MV: Em 2003, para a seção 20 Questions do Metal Sludge, ao ser perguntado qual banda de hard rock deveria se aposentar, você respondeu Great White. Dezessete anos se passaram. Você mantém a sua resposta?

TP: É sério que eu falei isso? Bem, não gosto muito de falar sobre a banda dos outros. Fiz um show com Jack Russell uma vez. Ele foi um cara muito, muito legal comigo, além de ser um ótimo cantor. Acredito que cenas vêm e vão no rock. Por exemplo, eu adoro o Dave Grohl. Gosto do jeito que ele faz música. Esse cara é como se fosse um mentor para mim. Admiro como ele lidou com as coisas após o fim do Nirvana, dando a cara a tapa e gravando um disco inteiro por contra própria. Eis um cara que eu gostaria de conhecer pessoalmente.


MV: Com essa coisa toda de capitalizar em cima de relançamentos, vocês têm planos para relançar o “Want Some?” ou mais compilações de material inédito?

TP: Já conversamos a respeito disso com a FnA Records. Infelizmente, pelo nosso contrato com a Geffen, tudo que podemos relançar são demos. Também discutimos isso com a Frontiers. Mas não há muito que possamos fazer. Não somos os donos do material. Mas quem sabe rola uma edição comemorativa quando o álbum fizer 30 anos...

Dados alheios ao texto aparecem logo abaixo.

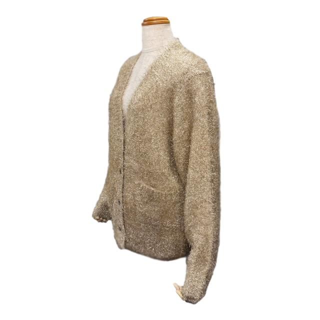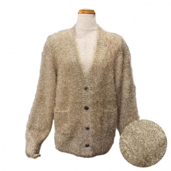 DRAWELL 【ドロウェル】 メタルフィルムヤーン・ニットカーディガン(Gold)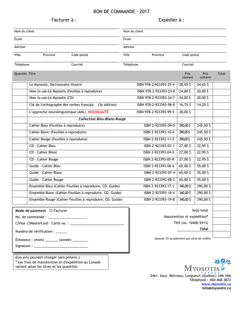 Mode de paiement ¨ Facturer No. de commande : ______________

MV: Minha última pergunta é sobre o saudoso Jimi Jamison. Pouca gente sabe, mas você é casado com a filha do homem. Como era ter alguém como ele na família? 

TP: Jimi era um ser humano maravilhoso, tinha um coração do tamanho do mundo. Ele sempre priorizava os outros antes de si. Ele foi muito mais do que um sogro para mim. E veja só, os dois primeiros LPs que comprei foram justamente o “Alive!” do KISS e um do Target, banda na qual Jimi era o vocalista! O batera dessa banda era tio do meu melhor amigo, que me apresentou o disco. Quando ouvi a voz do Jimi, falei para mim mesmo que seria cantor um dia. Os anos se passaram e eu virei fã do Cobra, comecei a conhecer melhor seus trabalhos. Participei de jingles e comerciais com ele. Desenvolvemos uma bela amizade. Quando o Roxy Blue estava gravando o “Want Some?”, calhou de o Jimi estar em Los Angeles trabalhando na trilha sonora de “Baywatch”. Ele deu um pulinho no estúdio e fez backing vocals em “Times Are Changin’”. Foram bons momentos. Somente muito tempo depois comecei a namorar sua filha, Amy, com quem sou casado e tenho uma filha. Ele me convidou para ser o batera na turnê que estava planejando antes de morrer. Ele morreu no dia do meu aniversário. Eu estava indo para a festa quando soube. Quanto à voz, era agradável de ouvir até quando ele falava. Acho que o que aprendi de mais importante com ele foi ser fiel a mim mesmo e ser humilde sempre. Sinto falta dele todos os dias, sua influência foi enorme em mim. Há fotos dele por toda a casa. Minha mulher adorava o pai. Era inspirador como ele amava cuidar das plantas, fazer trabalhos manuais e jogar pingue pongue. Ele amava a família e os fãs, e nunca falava muito sobre si; ele sempre dava um jeito de mudar de assunto. A saudade é imensa, mas ele permanece dentro de nós. Agradeço pelo tempo que pude passar com ele.



facebook.com/OfficialRoxyBlue


Comentários

  1. Inusitado encontrar entrevista com esse cara. o 1° deles realmente tem muita influência de Van Halen, mas esse último deles eu achei meio fraco. Não é por soar mais moderno, já que o recente do Spread Eagle cativa bem mais que este do Roxy Blue. Espero que lancem mais discos novos, e consigam alinhar mais o som.